# AirWire 900 USA Drop-IN installs



## N1CW (Jan 3, 2008)

*My spy tells me that some versions have been shipped from CVP to dealers.







*

*Just wondering how the installs are going and*
*IF should leave Cookies or Coal for CVP_Santa-Al?*

*8+8 (8 Old channels + 8 New channels) sounds neat.*
*Could someone post the actual 900mhz freq for channel A-H please.*


----------



## Bill Swindell (Jan 2, 2008)

My dealer got at least one GP-38 board. I ended up using a G-2 on the GP-38 that I converted since I needed more space for batteries that the drop-in permitted. I am looking foreward to the GP-9 boards since I have a guy who wants 5 engines converted.


----------



## Michael Glavin (Jan 2, 2009)

I have the GP-38 drop-in, it dropped right in (after I enlarged switch hole for the charge jack)...... Works great too! Used the Phoenix PB-8, it plugged right into istelf and the G2 drop-in. Coupled the G2 to a 3300mAh-35C 6S/22.2V Li-Po, the G2 is mu'd to a powered trail engine. Haven't actually run the beast on track but its all good on the treadmill... Plenty of room for all, a larger battery would have been NO problem. 

Michael


----------



## N1CW (Jan 3, 2008)

Posted By Bill Swindell on 20 Dec 2010 11:19 AM 
My dealer got at least one GP-38 board. I ended up using a G-2 on the GP-38 that I converted since I needed more space for batteries that the drop-in permitted. I am looking foreward to the GP-9 boards since I have a guy who wants 5 engines converted. 

*Bill 
The new 8 freq can only be accessed with the T9000 throttle with V1.3 firmware. *
*The RF1300 nor the NCE G-Wire Procab can NOT select these new frequencies. *


----------



## Treeman (Jan 6, 2008)

We received GP-7 drop in's, I have no idea how many were in the first run.


----------



## Treeman (Jan 6, 2008)

I thought their would be more interest in these.


----------



## Bighurt (Sep 15, 2009)

You have them listed as pre-order on the site.


----------



## Bill Swindell (Jan 2, 2008)

I installed a GP-9 drop-in.
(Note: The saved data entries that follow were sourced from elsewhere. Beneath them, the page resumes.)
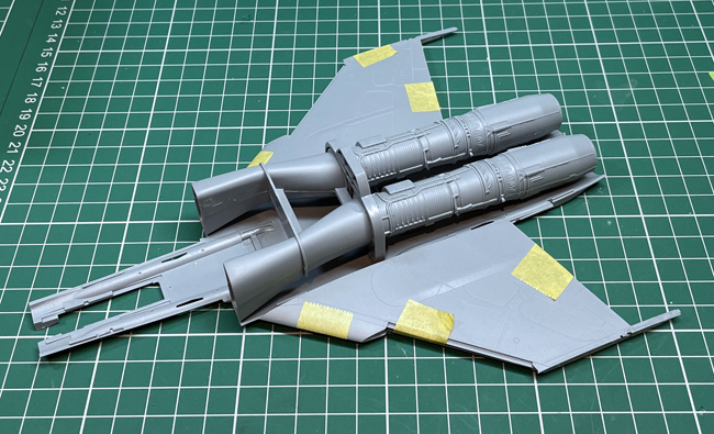 The lower wing section with the engines attaches to the separate upper wing sections and taped that up to dry. Again, flawless – no filler at all for the main wing join and you definitely feel progress is rapid :)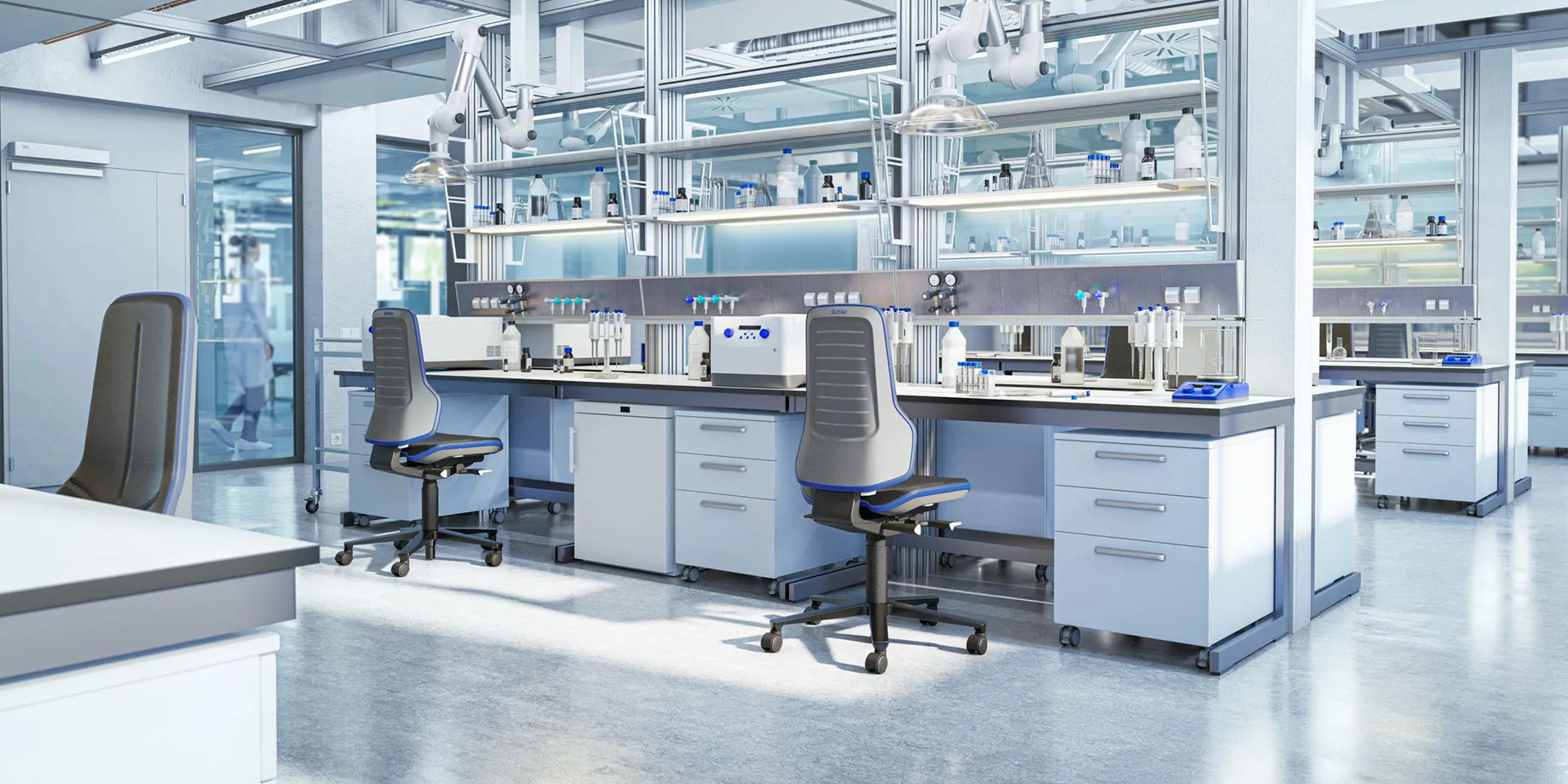 Sedia da laboratorio di nuova generazione, unica per design e ergonomia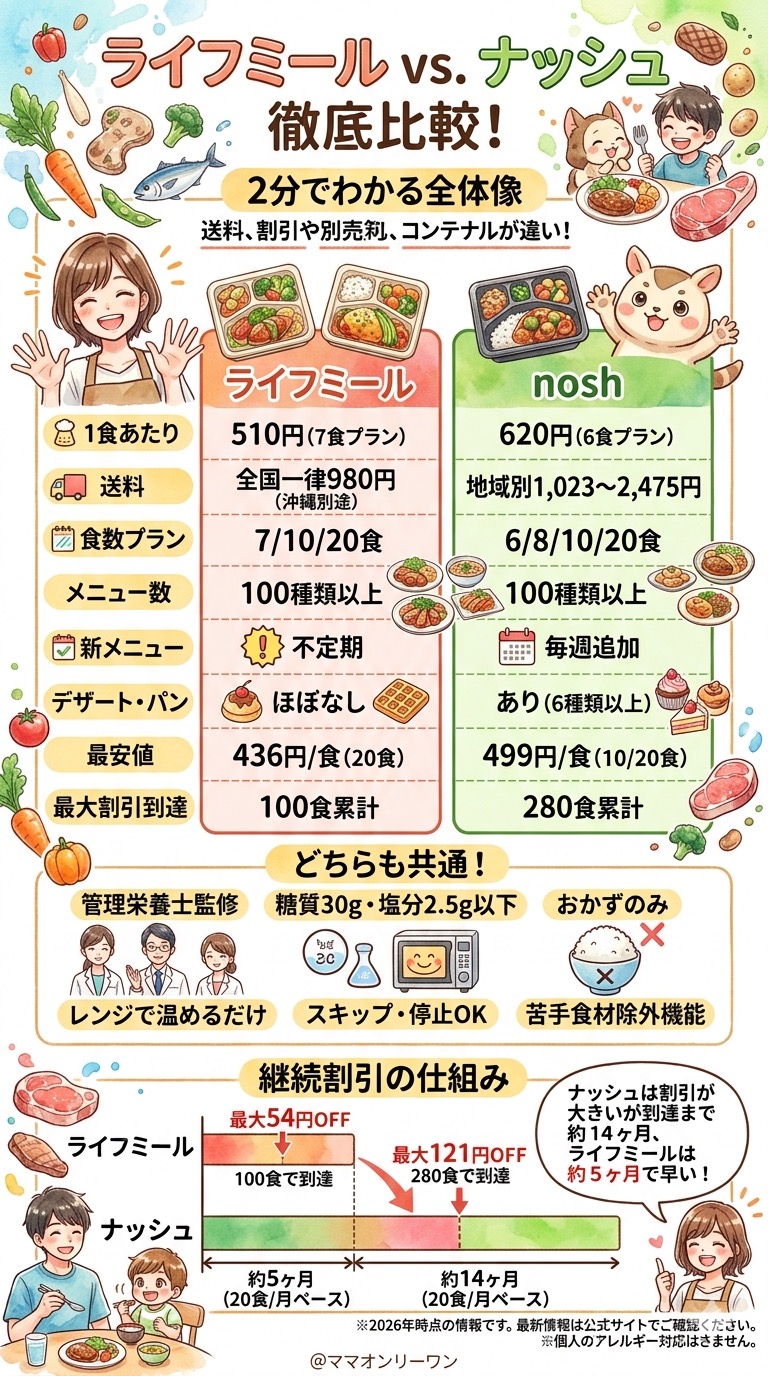 | 比較ポイント | ライフミール | ナッシュ |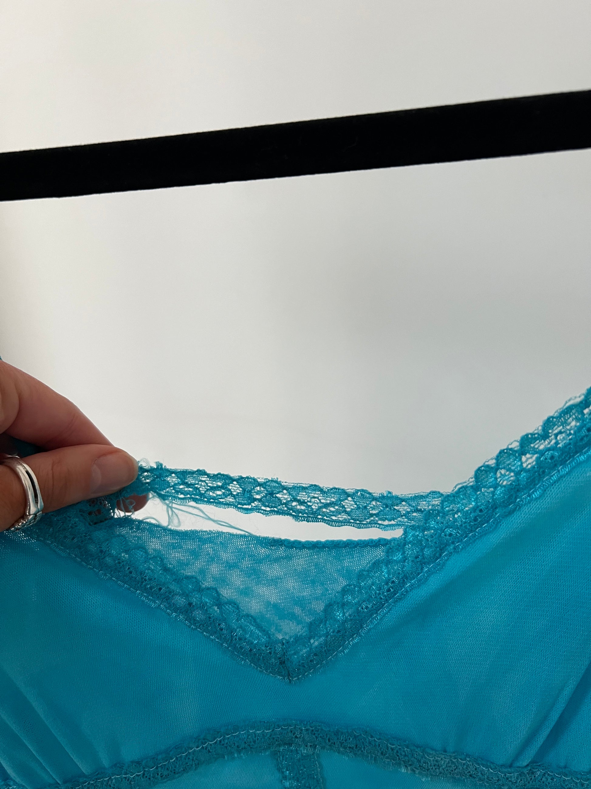 good vintage condition apart from a rip in the back seam shown in photos. Easily fixed with a hand stitch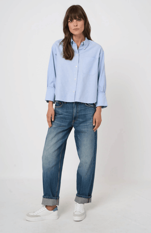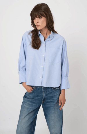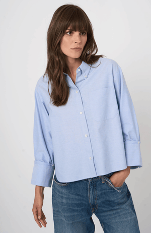 Effortless elegance meets refined craftsmanship in this cotton blouse, defined by its signature French cuff detailing and graceful three-quarter sleeves. Cut in a relaxed silhouette that drapes with understated sophistication, this piece embodies the art of timeless dressing. The serene ocean hue—a versatile neutral with subtle depth—transitions seamlessly from casual to elevated styling, pairing beautifully with denim for an understated luxury aesthetic or layered beneath tailored pieces for refined versatility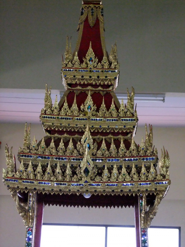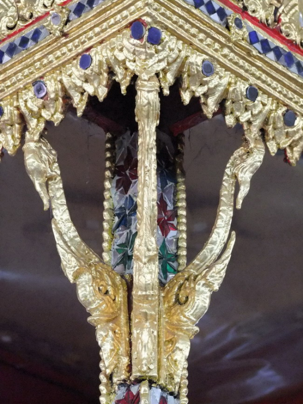 แต่ที่น่าเสียดายครือบางส่วนถูกซ่อมใหม่ กระจกสีทำใหม่ และบางส่วนปั้นอีฟอกซี่เพิ่มลายจนเสีย และติดลายกระจังที่ถอดได้กับตัวธรรมมาสจนถอดไม่ได้เลย แต่ก็ยังถือว่าสมบูรณ์มากครับ ส่วนเครื่องบนเป็นของเดิมเกือบทั้งหมดยกเว้นลายกระจังบางตัวที่แกะใหม่ และยอดนาคบางลายปั้นอีฟอกซี่เพิ่มครับ

It works fine. There is something in the manual that I had not read. You need to leave the P-8 set to a DCC address of 3. The drop-in board converts all DCC outputs to address 3.


----------



## Madstang (Jan 4, 2008)

Posted By Bill Swindell on 02 Jan 2011 11:05 PM 
I installed a GP-9 drop-in. It works fine. There is something in the manual that I had not read. You need to leave the P-8 set to a DCC address of 3. The drop-in board converts all DCC outputs to address 3. 




So does changing the loco address affect this? Can you change loco address and still control the sounds?

Not tried this yet.

Bubba


----------



## Paul Burch (Jan 2, 2008)

Bill,
From what you said when you have the Phoenix on the computer just leave it at address 3. When you set the Airwire address with CV1 it will not output that address on the DCC output. Good to know.


----------



## Bill Swindell (Jan 2, 2008)

To clarify, when you use the computer interface, do not change the address. It must remain at 3. When you change the loco address, the P-8 address is not changed. It remains at 3. 

As I said, this is documented in the installation manual as politely pointed out to me by Al at CVP.


----------



## Treeman (Jan 6, 2008)

Bighurt, thanks for the heads up, no wonder these things weren't selling.


----------